Dredge samples from the Chukchi Borderland: Implications for paleogeographic reconstruction and tectonic evolution of the Amerasia Basin of the Arctic
2016
The Chukchi Borderland is a large bathymetric high that extends from the Alaskan Chukchi Shelf into the Amerasia Basin of the Arctic Ocean. Widely interpreted to be underlain by continental crust, the Chukchi Borderland has played a pivotal role in plate reconstructions of the Arctic, despite the fact that its geologic nature, origin and evolution are largely unknown. We present new lithologic descriptions, along with U-Pb, 40Ar/39Ar, and apatite fission track analyses, for rocks dredged from the Chukchi Borderland. These new results provide constraints on the Chukchi Borderland9s crustal architecture, Paleozoic evolution, and pre-Cretaceous paleogeographic position prior to the formation of the Amerasia Basin. Based on the location and nature of dredged rocks, the Chukchi Borderland comprises at least two distinct terranes, juxtaposed by the proposed Chukchi Borderland fault zone.

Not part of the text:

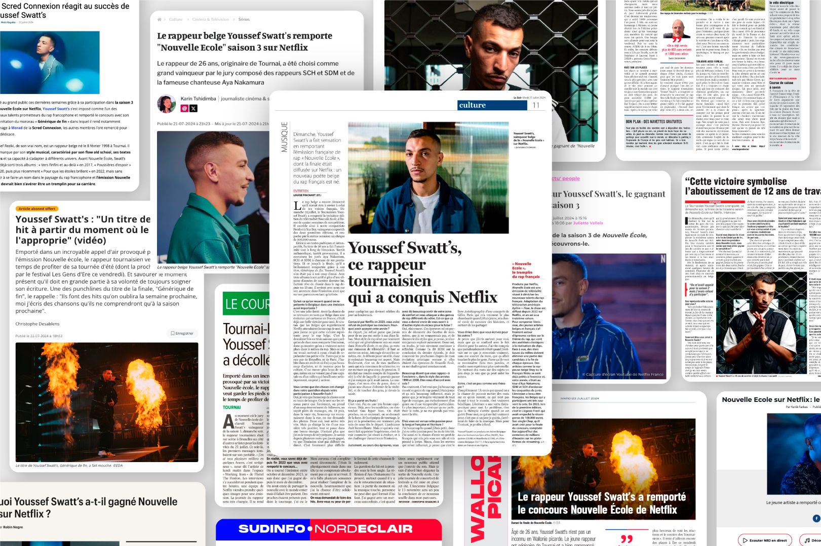 Du haut de ses 27 ans, le rappeur belge Youssef Swatt’s compte déjà plus de 10 années de carrière dans le monde de la musique. Après 3 albums, l’animation de nombreux ateliers d’écriture, une performance à TEDx Brussels et des concerts dans tous les pays francophones, le rappeur a remporté en juillet 2024 la saison 3 de la série « Nouvelle École », diffusée sur Netflix. Depuis 2020, nous travaillons ensemble sur sa visibilité médiatique.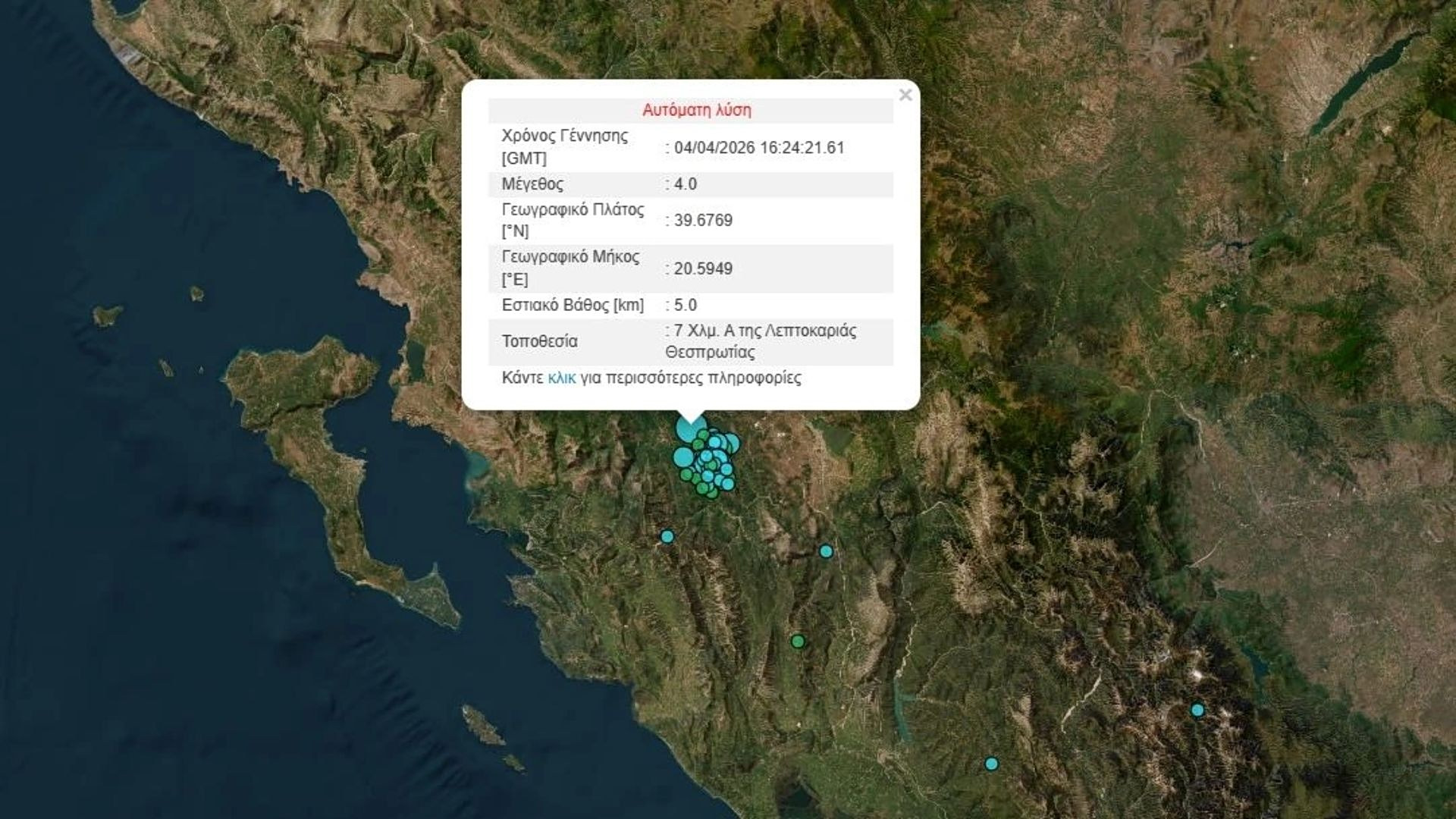 Σύμφωνα με την Αυτόματη Λύση του Γεωδυναμικού Ινστιτούτου Αθηνών το επίκεντρο της δόνησης σημειώθηκε 7 Χλμ. Α της Λεπτοκαριάς Θεσπρωτίας και το εστιακό βάθος στα χλ.μ.

Early Paleozoic units recovered from Northwind Ridge in the eastern Chukchi Borderland consist of low-grade metasedimentary rocks with a Laurentian detrital zircon signature that is statistically indistinguishable from that of Cambrian age units of the Franklinian passive margin exposed on Ellesmere Island in the Canadian Arctic Archipelago. In contrast, high-grade gneisses and amphibolites dredged from the Chukchi Plateau in the central Chukchi Borderland yield U-Pb and 40Ar/39Ar ages that suggest an affinity with rock units of the Pearya terrane of Arctic Canada. U-Pb and 40Ar/39Ar ages reveal a Paleozoic tectonic history beginning in Early Cambrian to Early Ordovician time with subduction/arc-related high-T metamorphism. Intrusive relationships indicate that Late Ordovician to Silurian orthogneisses intruded the high-T units within an arc setting. Devonian exhumation of these high-grade units is recorded by U-Pb dating of sphene and 40Ar/39Ar thermochronology of micas and potassium feldspar. The exhumation of the high-grade rocks was coeval with the deposition of coarse-grained sediments bearing detrital zircon compositions similar to Silurian foreland basin sediments deposited in Pearya, as well as with greenschist facies metamorphism of metasedimentary rocks dredged from Northwind Ridge. The new data suggest paleogeographic restoration of the Chukchi Borderland to a position adjacent to Ellesmere and Axel Heiberg islands prior to Amerasia Basin rifting. This pre-rift position supports and refines the widely cited rotational models for opening of the Canada Basin.